Агентство выявляло пенсионеров и алкоголиков, и после определенной подготовительной работы их выселяли в деревни в обмен на квартиры. Выискивали таких по базам данных полиции и служб социальной помощи, расспрашивали по дворам, уговаривали, расписывали плюсы. Потом помогали с переездом, сами носили и расставляли мебель на новом месте. Доплачивали деньгами и водкой. И все равно оказывались в изрядном плюсе. Ради которого, собственно.
Директор тогда купил свою первую квартиру. Потом вторую, а Кирилл – первую и единственную, которая теперь осталась Кристине. Нынешняя квартира была не его, она досталась Алене от бабушки.
– Помню, – признает Алекс, – недовольных много было. Думаешь, ребенка могли похитить они или с их подачи? Отыграться решили?
– Если бы только ребенка…
Взгляд его тонет в заоконной мгле, плечи опускаются.
Растаявшее мороженное. Надо же так раскиснуть.
– К черту эмоции! Это война! Мне уйти? – Голос приятеля звенит на пороге грубости. По-другому никак. – Уже приходили с претензиями?
– Сначала многие. – Кирилл собирается с духом. – Потом перестали. Ездить дорого. – Он горько усмехается: – По-моему, им повезло – у конкурентов из «Провинции» прежние хозяева квартир просто исчезали. Иногда после передаточной подписи у нотариуса, иногда и до. И жаловаться потом некому. Мы же поступали по-человечески. И вот…
– Ясно, – резюмирует Алекс. – Надо поднять документацию, проверить всех.
– Маловероятно. Пенсионеры. Алкоголики. Не тот контингент.
– Ошибки в письме забыл?
Точно! Не дети, а эти! Очень даже.
– У кого-то могли объявиться несостоявшиеся наследники, которые обиделись на вашу деятельность. Сколько было таких сделок?
Кирилл задумывается.
– Порядка двух десятков, не больше. Это – всего. За последний год только три.
– Начнем с них. За адресами нужно в офис?
– Нет, все в компьютере. Здесь.
– Включай. И дай все данные по конкурентам. Особенно интересует их начальство. Насколько я в курсе, директор «Провинции» с вашим часто пересекается и, несмотря на конкуренцию, их связывают дружба или некие пока неизвестные нам интересы.

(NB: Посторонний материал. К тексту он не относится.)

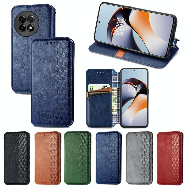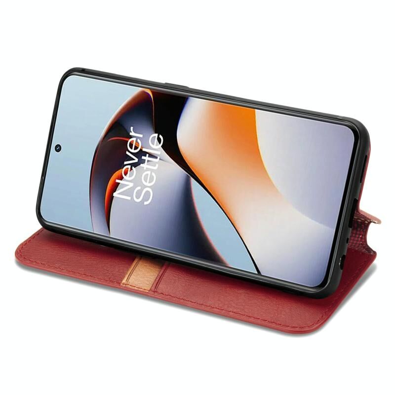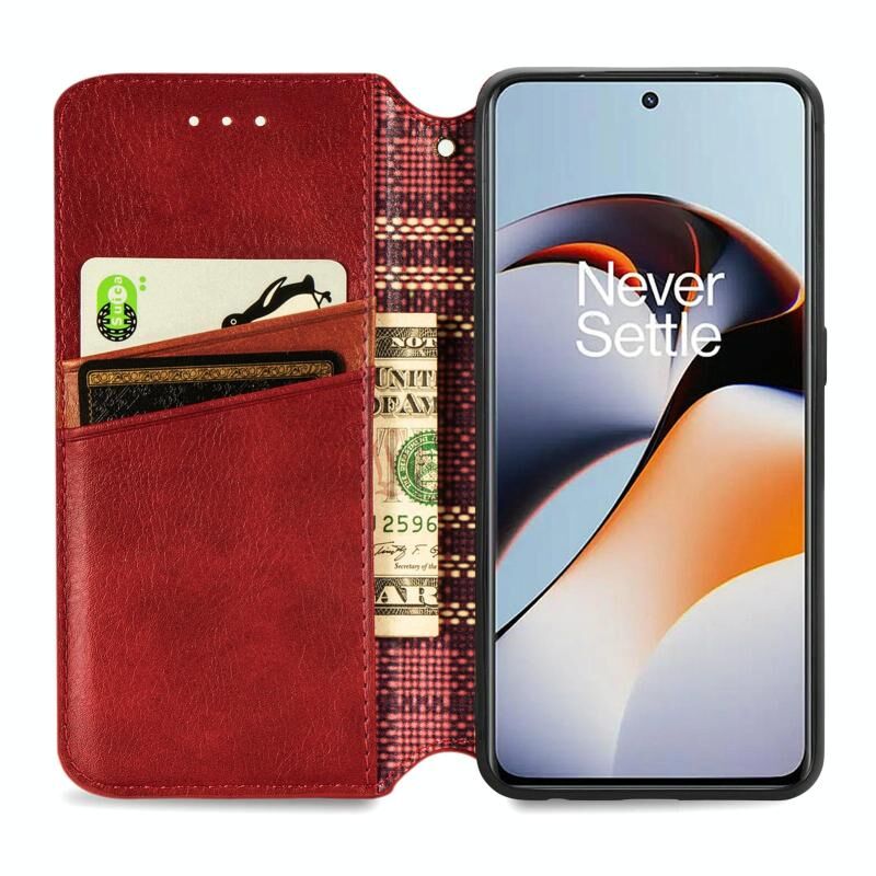 Για OnePlus Ace 2 Cubic Grid πιεσμένο μαγνητικό δέρμα τηλέφωνο υπόθεση (κόκκινο)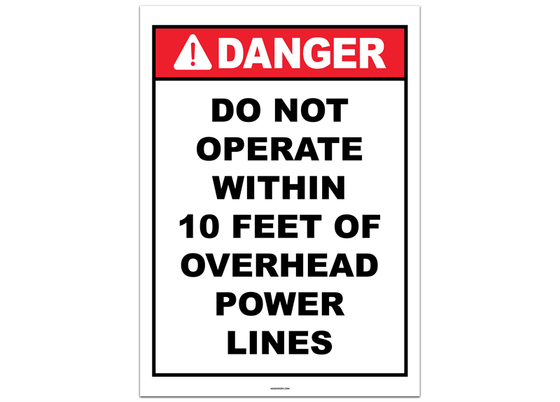 Danger Do Not Operate Within 10 Feet of Overhead Power Lines Sticker

– Откуда информация? Я работаю в фирме, но такого не слышал.
Алекс отмахивается:
– У нас недавно приглядывали по чьей-то просьбе за этой «Провинцией» – тамошние ребята нехорошо обошлись с человеком, у которого оказались связи. Подключили нас. Все закончилось миром, кто-то кому-то заплатил неустойку, а нам – процент и надбавку за накладные расходы. Лично я в этом деле не участвовал, только помог с обработкой некоторых записей. Машина главного из фирмы-конкурента периодически стояла в районе дома Горского, но не у ворот, а всегда где-то поблизости, словно встречи были тайными. Честно говоря, меня это удивило, потому и запомнилось. Вот и прошу вспомнить каждую мелочь, которая покажется подозрительной. Нам сейчас любая зацепка поможет.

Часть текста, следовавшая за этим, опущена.